Revelador descubrimiento en el punto sísmico más peligroso de EE.UU.

El nuevo descubrimiento explica un misterio de larga data en torno al gran terremoto de Petrolia en 1992, de magnitud 7.2.

Un grupo de científicos estadounidenses descubrió que el subsuelo del norte de California –una de las zonas de mayor riesgo sísmico de EE.UU.– está formado por cinco placas tectónicas independientes y en movimiento, dos de las cuales eran absolutamente desconocidas, precisa un comunicado de la Universidad de California en Davis.

Los investigadores establecieron que bajo la costa norte de California, en la Triple Unión de Mendocino –punto que hasta ahora se creía lugar de encuentro y transición de solo tres placas tectónicas: Gorda, Norteamericana y Pacífica–, la realidad es más compleja: un fragmento de la placa Norteamericana se ha desprendido y se hunde junto con la placa oceánica Gorda, mientras que otro bloque independiente, llamado fragmento Pioneer, está siendo arrastrado bajo el continente por la placa del Pacífico. Esto revela que la zona la forman al menos cinco bloques tectónicos en movimiento, en vez de tres. 

El sismólogo David Shelly comparó las placas con un iceberg. "Puedes ver un poco en la superficie, pero tienes que averiguar cuál es la configuración debajo", indicó. 

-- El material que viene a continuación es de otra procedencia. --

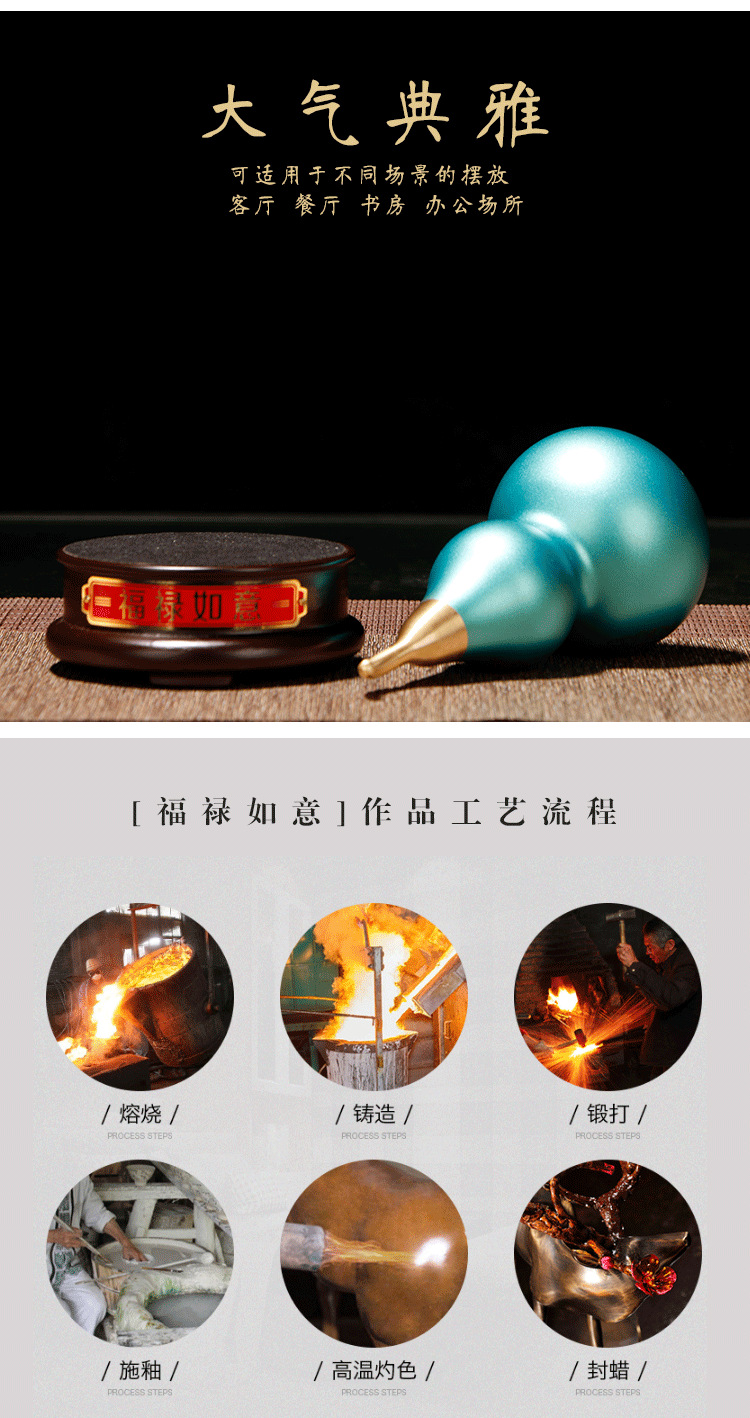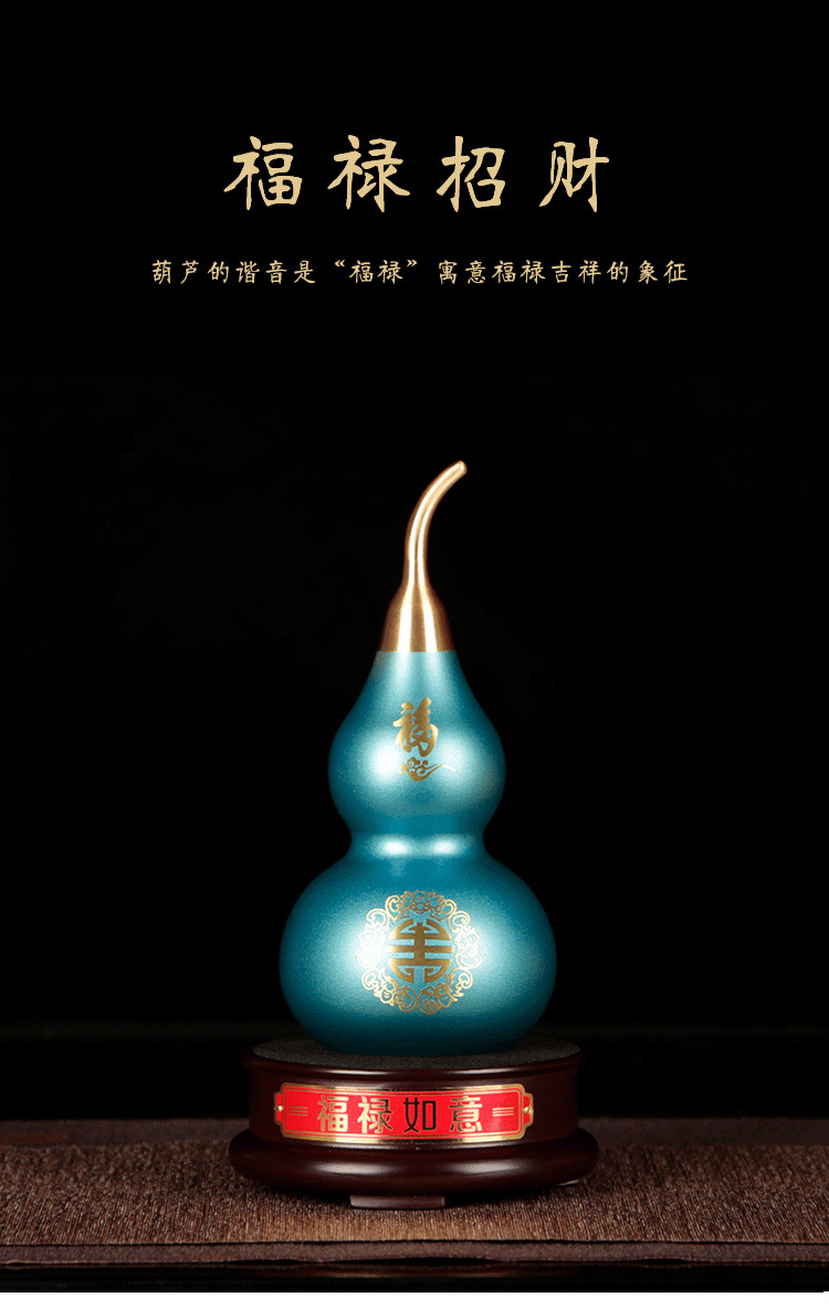 15 / 福禄如意喜上眉梢铜葫芦摆件金属创意黄铜工艺品刻字风水用品摆件批发
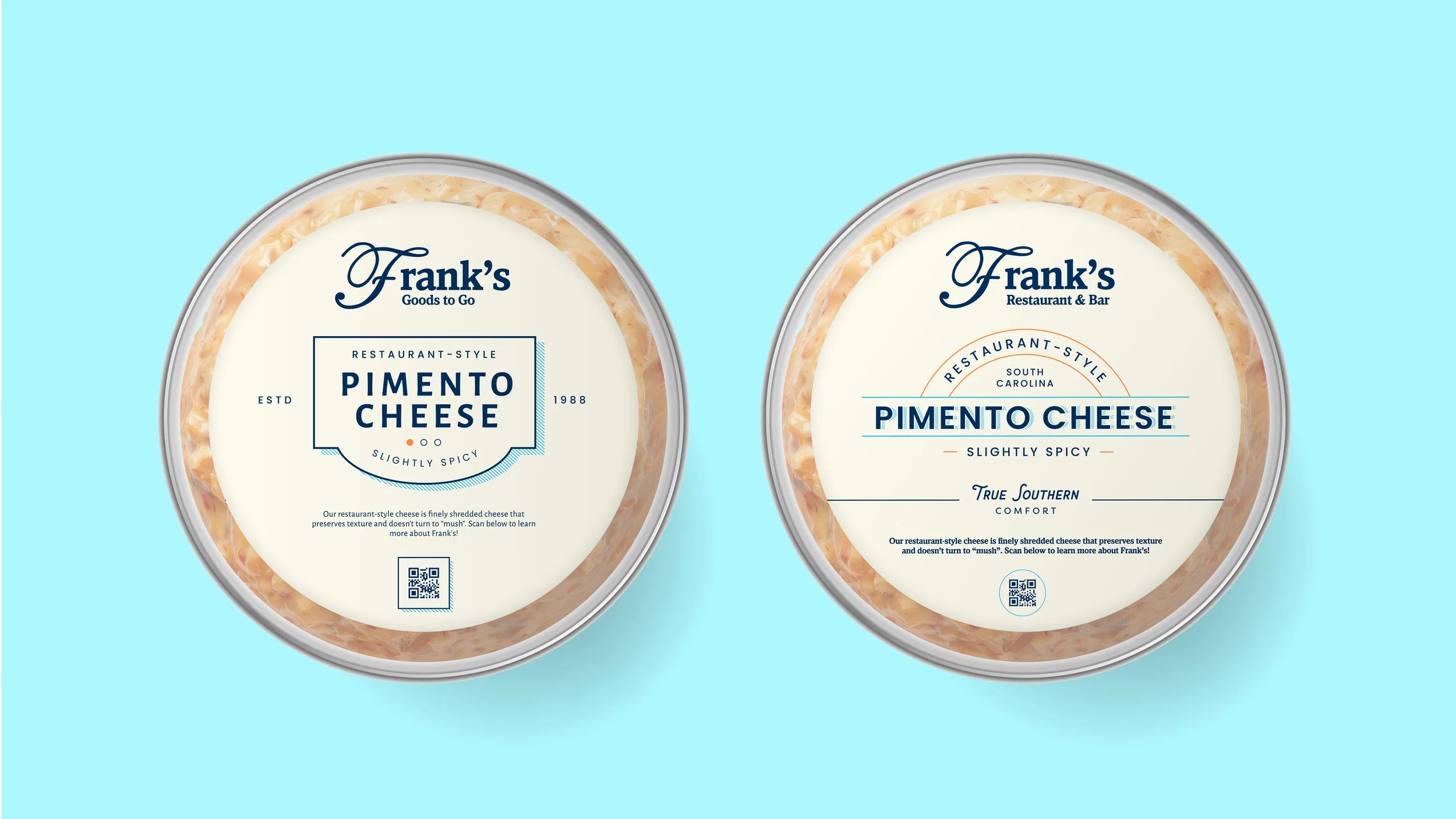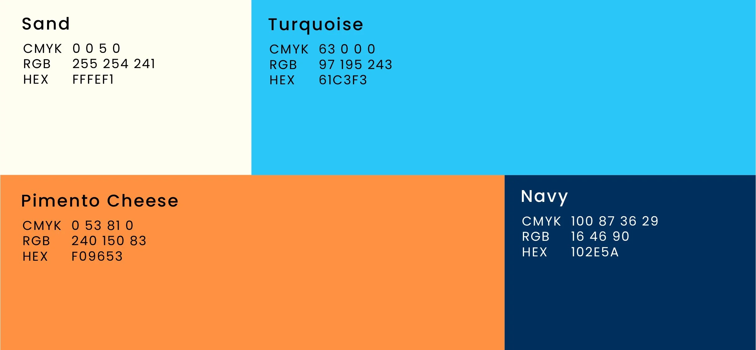 New Brand Colors The color palette for Frank’s Pimento Cheese mixes classic and playful vibes. Navy feels timeless and trustworthy, like a family recipe. Turquoise adds a burst of fun, keeping things light and modern. The pimento cheese orange ties to the product and feels cozy and inviting. The sandy hue in the packaging brings a soft, beachy touch that makes the brand feel friendly and easygoing. Altogether, the colors feel nostalgic yet fresh, giving the brand a warm, down-to-earth personality.
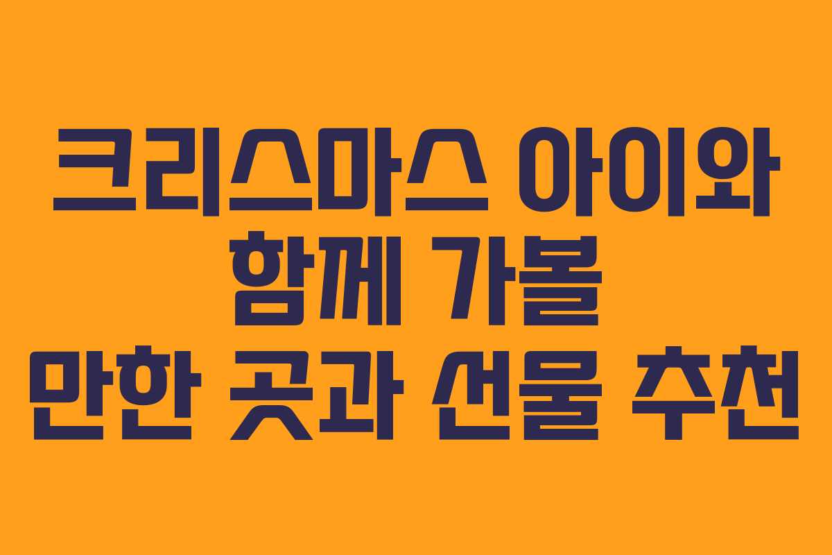 크리스마스는 아이들과 특별한 시간을 보낼 수 있는 소중한 기념일입니다. 아이와 함께 가볼 만한 장소와 선물 아이디어를 소개합니다.
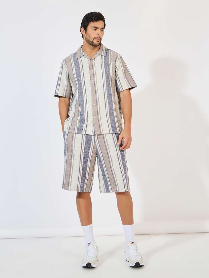 - » men cuban collar striped shirt & shorts co-ord set
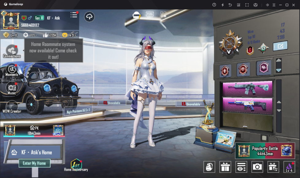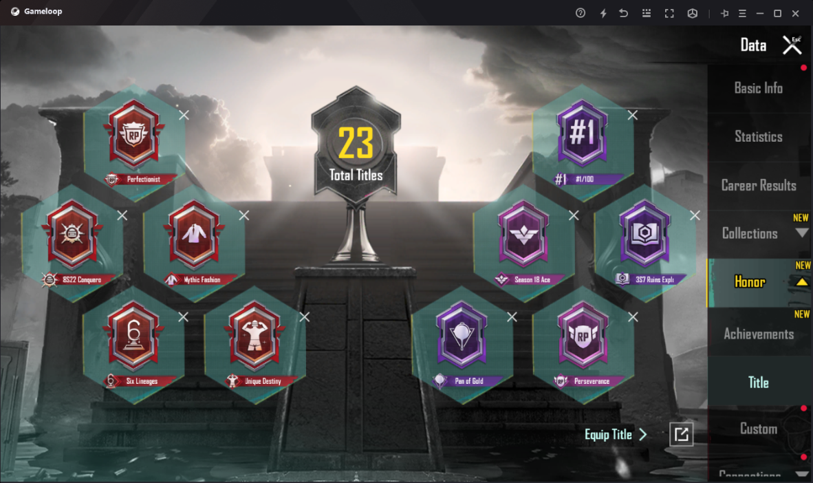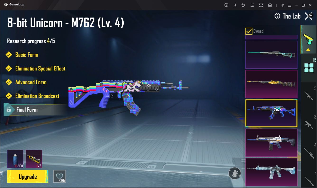 Account LV.70 Gun Lab 15 Glacier – M416 Lv.5 8-bit Unicorn M762 Lv. 4 Duneshine Theme Mythic Glider Conqueror – S8S22 Mythic Titles 54 ANDROID & IOS
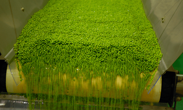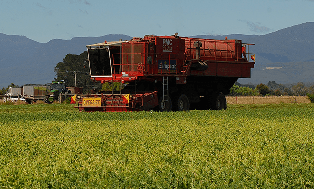 By watching each crop as it matures we pick our peas at their peak with equipment that takes the pea pods off the vine and carefully removes the delicate peas.
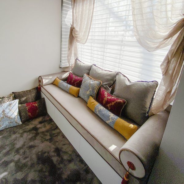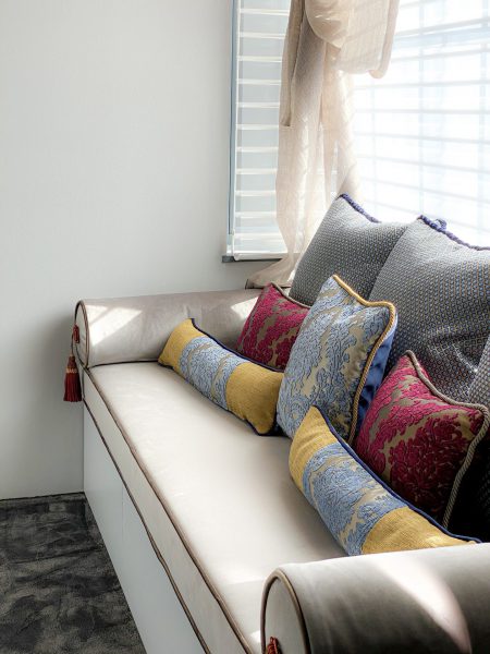 そしてシートと同生地でボルスタークッションを大きく両側に肘掛風に配置することで、まるでシートと一体のソファのようにも見せています。
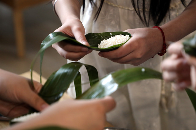 在包粽子体验区,宿管老师从粽叶的折叠、糯米的放置到绳子的捆绑,每一步都进行细致地演示和讲解。师生们围在一起,纷纷动手实践,两片狭长青绿的粽叶,一叠,一卷,小小的“漏斗”放入浸好的糯米和馅料,一折,一包,一扎,一个个棱角分明的粽子就做成了。活动现场弥漫着浓浓的粽香和欢声笑语,师生们在互帮互助中享受着劳动的乐趣。
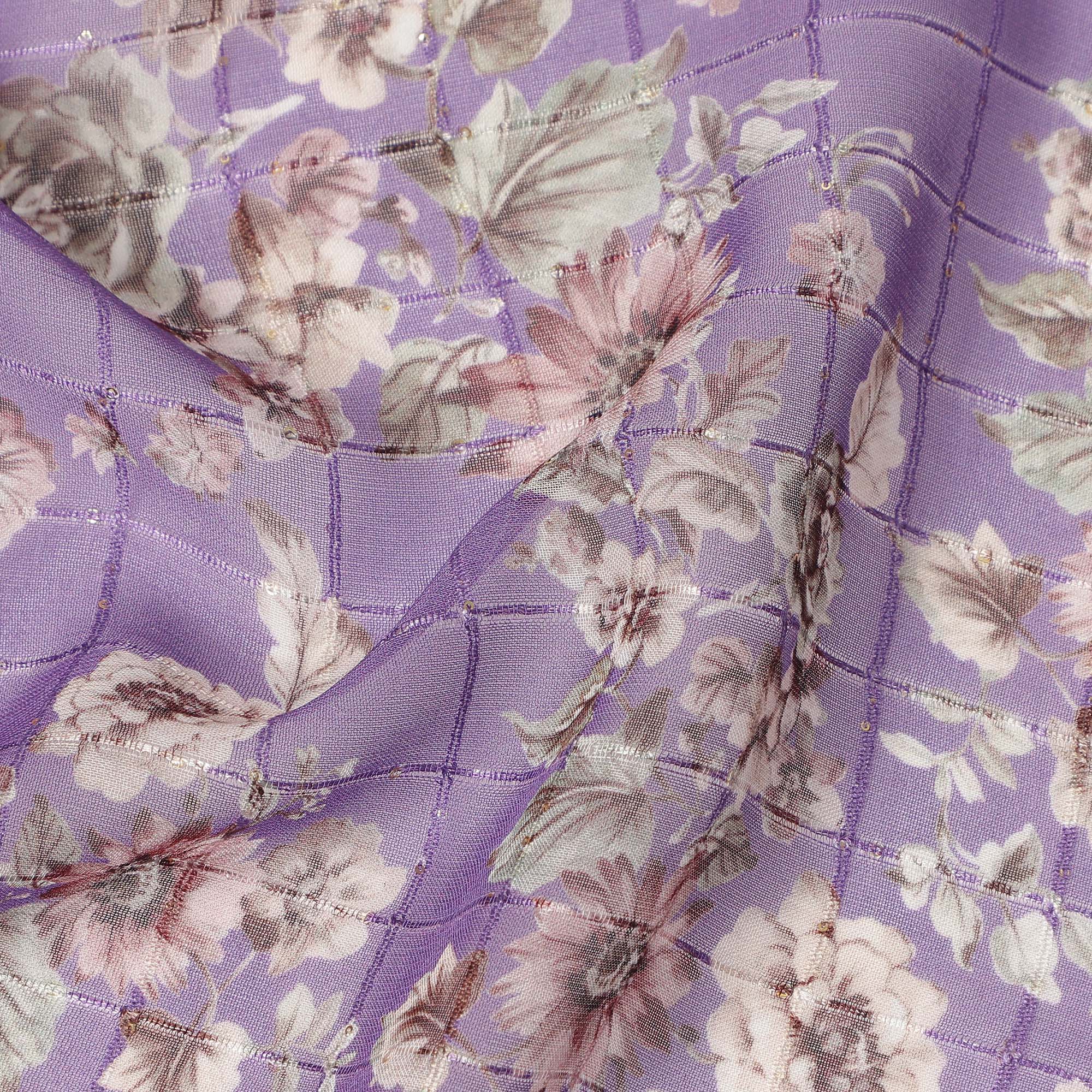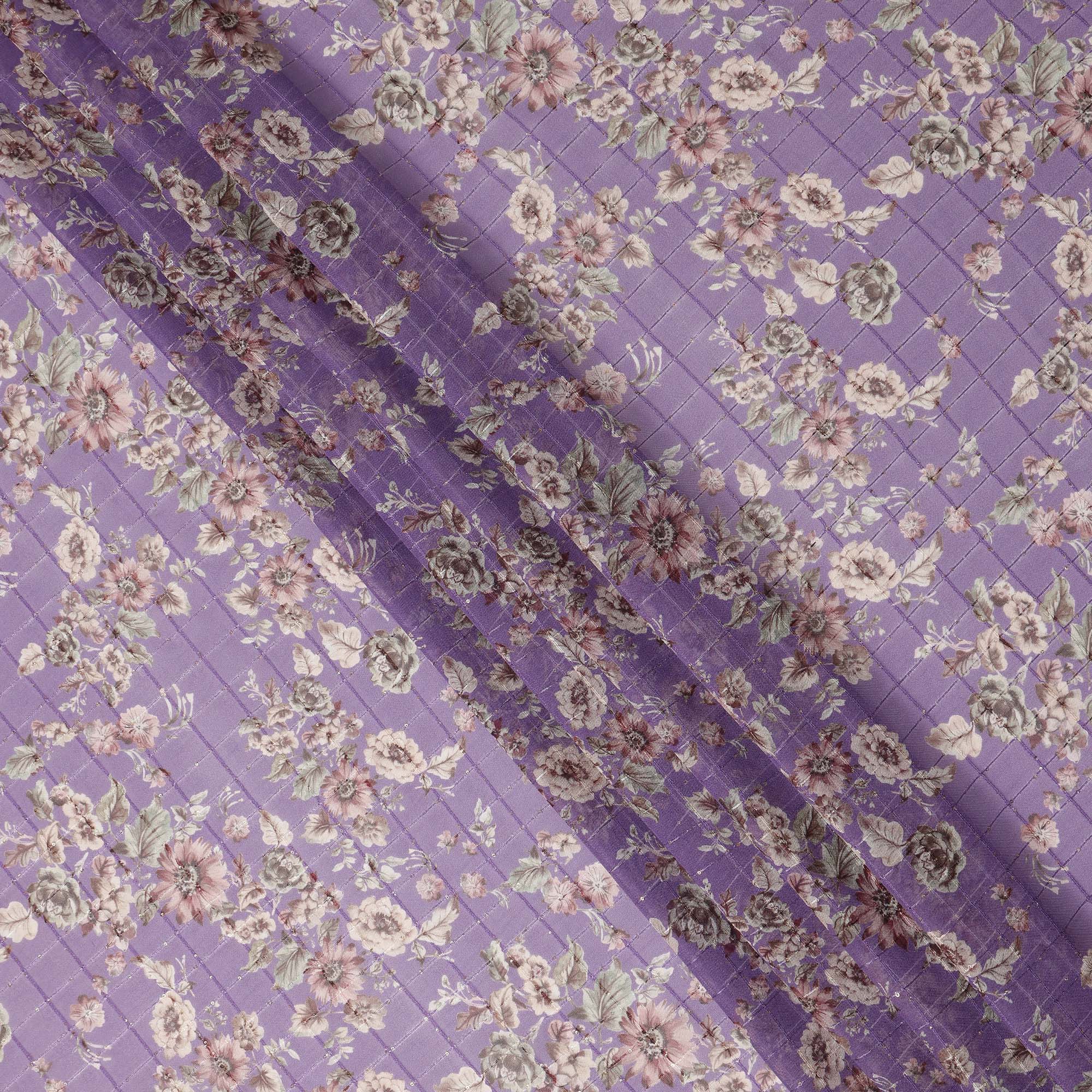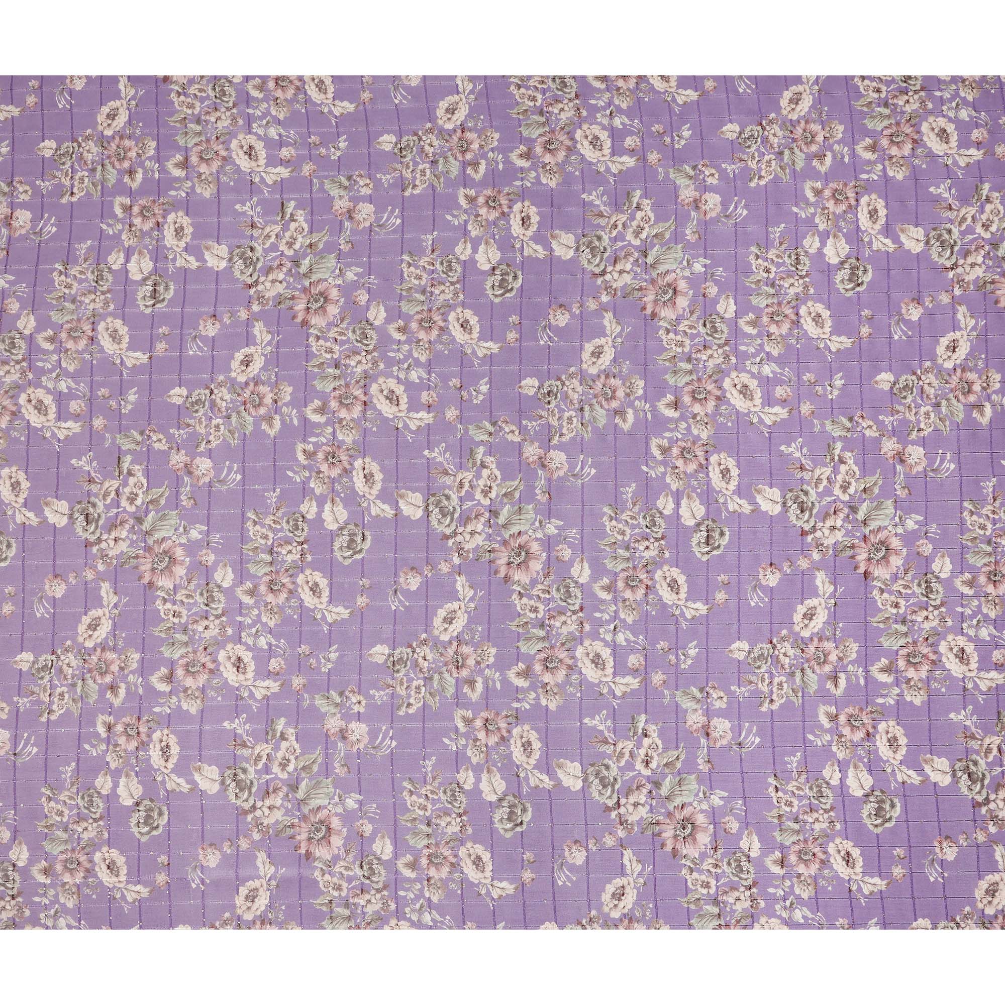 This purple vintage floral garden print viscose georgette fabric is a lightweight and elegant textile designed for creating graceful garments and sophisticated sewing projects. The fabric features a soft purple base decorated with delicate vintage inspired floral prints arranged over a subtle grid pattern, adding depth and a refined botanical aesthetic. Crafted from viscose georgette, the material offers a breathable texture with a smooth and airy feel that drapes beautifully, enhancing the natural movement of garments. This makes it an excellent choice for dresses, blouses, skirts, scarves, and layered fashion pieces that require fluidity and comfort. With a width of 110 cms, it provides versatility for both professional designers and home sewing enthusiasts. The combination of floral elegance and soft flowing structure allows the creation of stylish outfits that balance comfort, charm, and timeless floral appeal.

Para realizar este descubrimiento, los científicos se enfocaron no en los grandes terremotos, sino en decenas de miles de temblores extremadamente pequeños, imperceptibles para las personas. Además, observaron que la frecuencia de estos pequeños temblores aumentaba ligeramente durante ciertas fases de las mareas oceánicas, lo que se debe a la atracción gravitacional de la Luna y el Sol, que también ejercen una leve presión sobre las placas terrestres. 

"El límite de la placa parece no estar donde pensábamos que se encontraba", subrayó la especialista en geodesía Kathryn Materna. 

Este descubrimiento ayudó a resolver un misterio de larga data: por qué el gran terremoto de Petrolia en 1992, de magnitud 7.2, ocurrió a una profundidad mucho menor de lo previsto por los modelos en uso. 

El estudio apunta a que los modelos de predicción de terremotos podrían necesitar una actualización, para que los especialistas tengan más posibilidades de vaticinar cuándo ocurrirá un próximo gran sismo.